** STORED DATA follows **

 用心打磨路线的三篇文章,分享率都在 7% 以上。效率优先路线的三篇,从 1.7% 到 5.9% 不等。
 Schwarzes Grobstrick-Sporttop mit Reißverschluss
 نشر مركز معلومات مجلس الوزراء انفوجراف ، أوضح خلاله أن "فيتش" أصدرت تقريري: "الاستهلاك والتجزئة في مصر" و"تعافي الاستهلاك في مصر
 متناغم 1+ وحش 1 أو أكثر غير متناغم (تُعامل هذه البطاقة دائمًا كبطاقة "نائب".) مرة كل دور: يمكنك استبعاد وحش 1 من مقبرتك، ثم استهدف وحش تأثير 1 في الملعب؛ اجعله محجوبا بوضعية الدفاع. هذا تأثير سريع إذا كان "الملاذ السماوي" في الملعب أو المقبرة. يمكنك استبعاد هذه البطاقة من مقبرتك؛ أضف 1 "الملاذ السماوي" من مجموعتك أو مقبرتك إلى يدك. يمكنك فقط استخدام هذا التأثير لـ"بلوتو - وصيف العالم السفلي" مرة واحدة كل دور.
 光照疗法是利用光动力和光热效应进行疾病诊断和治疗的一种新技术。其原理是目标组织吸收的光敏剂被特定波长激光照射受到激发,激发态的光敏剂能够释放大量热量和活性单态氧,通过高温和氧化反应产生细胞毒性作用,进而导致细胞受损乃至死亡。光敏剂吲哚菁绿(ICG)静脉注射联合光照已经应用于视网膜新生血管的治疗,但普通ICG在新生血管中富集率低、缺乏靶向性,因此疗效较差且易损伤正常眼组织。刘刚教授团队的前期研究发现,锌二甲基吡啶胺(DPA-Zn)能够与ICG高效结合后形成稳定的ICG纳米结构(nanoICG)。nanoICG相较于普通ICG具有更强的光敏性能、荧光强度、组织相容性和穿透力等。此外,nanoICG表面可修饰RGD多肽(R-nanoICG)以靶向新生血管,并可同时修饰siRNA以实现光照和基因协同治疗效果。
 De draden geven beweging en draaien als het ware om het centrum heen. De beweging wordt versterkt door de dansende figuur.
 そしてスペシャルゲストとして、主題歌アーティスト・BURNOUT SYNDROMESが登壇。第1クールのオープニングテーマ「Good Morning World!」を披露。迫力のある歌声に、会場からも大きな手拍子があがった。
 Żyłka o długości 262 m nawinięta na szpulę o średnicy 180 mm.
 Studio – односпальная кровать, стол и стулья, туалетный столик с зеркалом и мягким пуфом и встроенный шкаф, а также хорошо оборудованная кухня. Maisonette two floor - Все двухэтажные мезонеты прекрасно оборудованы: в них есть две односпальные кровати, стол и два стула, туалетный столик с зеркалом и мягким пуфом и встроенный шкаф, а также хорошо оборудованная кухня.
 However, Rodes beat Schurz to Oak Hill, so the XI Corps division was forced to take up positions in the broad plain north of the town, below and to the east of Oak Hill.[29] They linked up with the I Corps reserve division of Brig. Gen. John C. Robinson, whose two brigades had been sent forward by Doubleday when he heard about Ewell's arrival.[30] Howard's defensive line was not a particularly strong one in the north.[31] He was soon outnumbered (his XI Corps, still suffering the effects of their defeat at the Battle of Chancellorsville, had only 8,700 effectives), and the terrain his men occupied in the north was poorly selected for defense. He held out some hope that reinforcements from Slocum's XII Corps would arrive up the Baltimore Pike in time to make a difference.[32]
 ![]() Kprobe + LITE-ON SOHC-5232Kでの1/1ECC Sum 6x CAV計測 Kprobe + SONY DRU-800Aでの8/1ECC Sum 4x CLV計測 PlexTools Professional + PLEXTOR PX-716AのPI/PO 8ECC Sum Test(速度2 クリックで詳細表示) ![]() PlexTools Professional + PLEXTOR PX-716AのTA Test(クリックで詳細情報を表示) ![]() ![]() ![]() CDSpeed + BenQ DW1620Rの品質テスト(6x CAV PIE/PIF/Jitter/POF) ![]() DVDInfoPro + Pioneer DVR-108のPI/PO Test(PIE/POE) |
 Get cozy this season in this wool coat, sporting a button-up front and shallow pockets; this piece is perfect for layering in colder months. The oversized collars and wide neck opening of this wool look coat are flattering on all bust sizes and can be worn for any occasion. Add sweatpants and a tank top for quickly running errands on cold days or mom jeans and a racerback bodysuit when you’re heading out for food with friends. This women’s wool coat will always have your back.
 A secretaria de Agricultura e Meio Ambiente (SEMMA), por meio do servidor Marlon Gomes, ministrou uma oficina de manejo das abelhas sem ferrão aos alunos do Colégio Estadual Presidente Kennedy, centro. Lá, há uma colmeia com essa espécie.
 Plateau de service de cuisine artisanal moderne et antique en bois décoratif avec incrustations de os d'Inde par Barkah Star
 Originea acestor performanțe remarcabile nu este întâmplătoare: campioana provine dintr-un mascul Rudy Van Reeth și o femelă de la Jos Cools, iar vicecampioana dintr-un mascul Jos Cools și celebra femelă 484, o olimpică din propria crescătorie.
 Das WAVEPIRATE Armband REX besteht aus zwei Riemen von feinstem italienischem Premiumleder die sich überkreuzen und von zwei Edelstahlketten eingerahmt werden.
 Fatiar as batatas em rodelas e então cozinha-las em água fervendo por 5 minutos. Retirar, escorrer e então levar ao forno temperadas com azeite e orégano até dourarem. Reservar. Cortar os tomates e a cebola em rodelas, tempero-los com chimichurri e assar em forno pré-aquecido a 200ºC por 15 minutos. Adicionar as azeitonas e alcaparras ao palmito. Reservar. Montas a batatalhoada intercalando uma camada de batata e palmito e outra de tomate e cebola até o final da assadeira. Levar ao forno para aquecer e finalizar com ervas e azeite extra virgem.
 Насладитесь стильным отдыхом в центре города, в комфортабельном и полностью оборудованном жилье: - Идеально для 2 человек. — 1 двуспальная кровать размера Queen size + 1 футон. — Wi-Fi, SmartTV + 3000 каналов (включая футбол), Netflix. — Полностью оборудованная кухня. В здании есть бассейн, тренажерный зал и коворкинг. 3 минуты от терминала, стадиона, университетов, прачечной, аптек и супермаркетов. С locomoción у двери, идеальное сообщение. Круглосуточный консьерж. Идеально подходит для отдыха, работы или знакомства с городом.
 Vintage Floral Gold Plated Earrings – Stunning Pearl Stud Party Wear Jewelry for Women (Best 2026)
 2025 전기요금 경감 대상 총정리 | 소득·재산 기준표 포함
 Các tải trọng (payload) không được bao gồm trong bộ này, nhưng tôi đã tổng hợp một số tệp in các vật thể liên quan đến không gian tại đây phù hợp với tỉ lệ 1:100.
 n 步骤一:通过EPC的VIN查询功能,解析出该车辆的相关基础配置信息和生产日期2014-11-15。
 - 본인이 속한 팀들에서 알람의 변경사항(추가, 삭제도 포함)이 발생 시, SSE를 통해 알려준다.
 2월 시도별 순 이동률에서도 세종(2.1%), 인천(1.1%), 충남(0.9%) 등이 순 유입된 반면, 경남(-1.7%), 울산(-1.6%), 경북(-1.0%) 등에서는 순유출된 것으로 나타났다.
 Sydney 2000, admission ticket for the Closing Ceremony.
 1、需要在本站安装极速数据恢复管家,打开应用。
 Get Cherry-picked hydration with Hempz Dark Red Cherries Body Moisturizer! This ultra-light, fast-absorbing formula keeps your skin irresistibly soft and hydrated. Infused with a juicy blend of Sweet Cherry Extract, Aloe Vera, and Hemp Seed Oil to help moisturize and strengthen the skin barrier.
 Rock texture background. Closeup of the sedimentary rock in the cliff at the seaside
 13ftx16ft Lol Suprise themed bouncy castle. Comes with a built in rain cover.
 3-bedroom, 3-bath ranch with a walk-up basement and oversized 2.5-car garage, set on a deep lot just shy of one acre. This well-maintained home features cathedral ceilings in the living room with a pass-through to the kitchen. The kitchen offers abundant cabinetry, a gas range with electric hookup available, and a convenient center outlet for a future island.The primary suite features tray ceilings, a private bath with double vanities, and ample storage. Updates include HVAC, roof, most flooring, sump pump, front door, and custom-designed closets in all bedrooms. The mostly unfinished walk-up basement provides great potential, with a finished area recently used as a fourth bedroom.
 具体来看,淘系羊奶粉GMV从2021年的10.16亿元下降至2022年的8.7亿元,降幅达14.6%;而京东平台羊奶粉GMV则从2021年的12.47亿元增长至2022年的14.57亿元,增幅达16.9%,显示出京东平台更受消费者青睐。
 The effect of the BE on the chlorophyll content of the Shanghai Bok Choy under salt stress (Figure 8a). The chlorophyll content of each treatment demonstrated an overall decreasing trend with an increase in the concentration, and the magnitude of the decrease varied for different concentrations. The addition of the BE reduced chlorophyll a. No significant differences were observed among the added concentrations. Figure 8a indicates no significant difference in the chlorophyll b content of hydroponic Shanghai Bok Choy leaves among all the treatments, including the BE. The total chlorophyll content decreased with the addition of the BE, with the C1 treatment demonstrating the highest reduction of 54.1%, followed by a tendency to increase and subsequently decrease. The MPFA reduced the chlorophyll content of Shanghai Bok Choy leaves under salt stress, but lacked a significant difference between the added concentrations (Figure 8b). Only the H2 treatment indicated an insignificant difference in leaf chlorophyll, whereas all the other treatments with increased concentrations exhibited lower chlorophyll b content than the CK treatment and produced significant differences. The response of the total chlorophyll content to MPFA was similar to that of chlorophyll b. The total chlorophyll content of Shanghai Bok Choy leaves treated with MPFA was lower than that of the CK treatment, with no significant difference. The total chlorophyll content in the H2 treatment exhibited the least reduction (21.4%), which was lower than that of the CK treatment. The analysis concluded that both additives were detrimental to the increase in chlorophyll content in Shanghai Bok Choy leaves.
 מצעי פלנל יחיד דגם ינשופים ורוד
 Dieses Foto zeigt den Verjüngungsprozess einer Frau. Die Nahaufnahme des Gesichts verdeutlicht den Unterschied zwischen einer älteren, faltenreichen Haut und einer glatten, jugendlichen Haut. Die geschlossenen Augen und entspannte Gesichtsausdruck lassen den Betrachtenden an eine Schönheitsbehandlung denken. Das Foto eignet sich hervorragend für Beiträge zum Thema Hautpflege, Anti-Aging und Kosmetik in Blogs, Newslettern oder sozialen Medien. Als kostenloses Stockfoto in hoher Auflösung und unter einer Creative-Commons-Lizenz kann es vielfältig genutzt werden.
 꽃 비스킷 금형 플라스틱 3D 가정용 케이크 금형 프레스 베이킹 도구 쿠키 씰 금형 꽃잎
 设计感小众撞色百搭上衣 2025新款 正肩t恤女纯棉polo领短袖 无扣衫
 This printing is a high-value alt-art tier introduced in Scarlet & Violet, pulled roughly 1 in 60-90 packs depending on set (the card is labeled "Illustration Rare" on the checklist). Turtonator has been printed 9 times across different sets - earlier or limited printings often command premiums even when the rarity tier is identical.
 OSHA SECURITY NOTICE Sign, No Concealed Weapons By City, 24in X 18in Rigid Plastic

** End of STORED DATA **

Begin at the line that has "Żyłka o długości" in the entries above; stop after the line that has "DVR-108のPI/PO Test(PIE/POE) |". Transcribe exactly those lines and no others.

EXERCISE OUTPUT
 Żyłka o długości 262 m nawinięta na szpulę o średnicy 180 mm.
 Studio – односпальная кровать, стол и стулья, туалетный столик с зеркалом и мягким пуфом и встроенный шкаф, а также хорошо оборудованная кухня. Maisonette two floor - Все двухэтажные мезонеты прекрасно оборудованы: в них есть две односпальные кровати, стол и два стула, туалетный столик с зеркалом и мягким пуфом и встроенный шкаф, а также хорошо оборудованная кухня.
 However, Rodes beat Schurz to Oak Hill, so the XI Corps division was forced to take up positions in the broad plain north of the town, below and to the east of Oak Hill.[29] They linked up with the I Corps reserve division of Brig. Gen. John C. Robinson, whose two brigades had been sent forward by Doubleday when he heard about Ewell's arrival.[30] Howard's defensive line was not a particularly strong one in the north.[31] He was soon outnumbered (his XI Corps, still suffering the effects of their defeat at the Battle of Chancellorsville, had only 8,700 effectives), and the terrain his men occupied in the north was poorly selected for defense. He held out some hope that reinforcements from Slocum's XII Corps would arrive up the Baltimore Pike in time to make a difference.[32]
 ![]() Kprobe + LITE-ON SOHC-5232Kでの1/1ECC Sum 6x CAV計測 Kprobe + SONY DRU-800Aでの8/1ECC Sum 4x CLV計測 PlexTools Professional + PLEXTOR PX-716AのPI/PO 8ECC Sum Test(速度2 クリックで詳細表示) ![]() PlexTools Professional + PLEXTOR PX-716AのTA Test(クリックで詳細情報を表示) ![]() ![]() ![]() CDSpeed + BenQ DW1620Rの品質テスト(6x CAV PIE/PIF/Jitter/POF) ![]() DVDInfoPro + Pioneer DVR-108のPI/PO Test(PIE/POE) |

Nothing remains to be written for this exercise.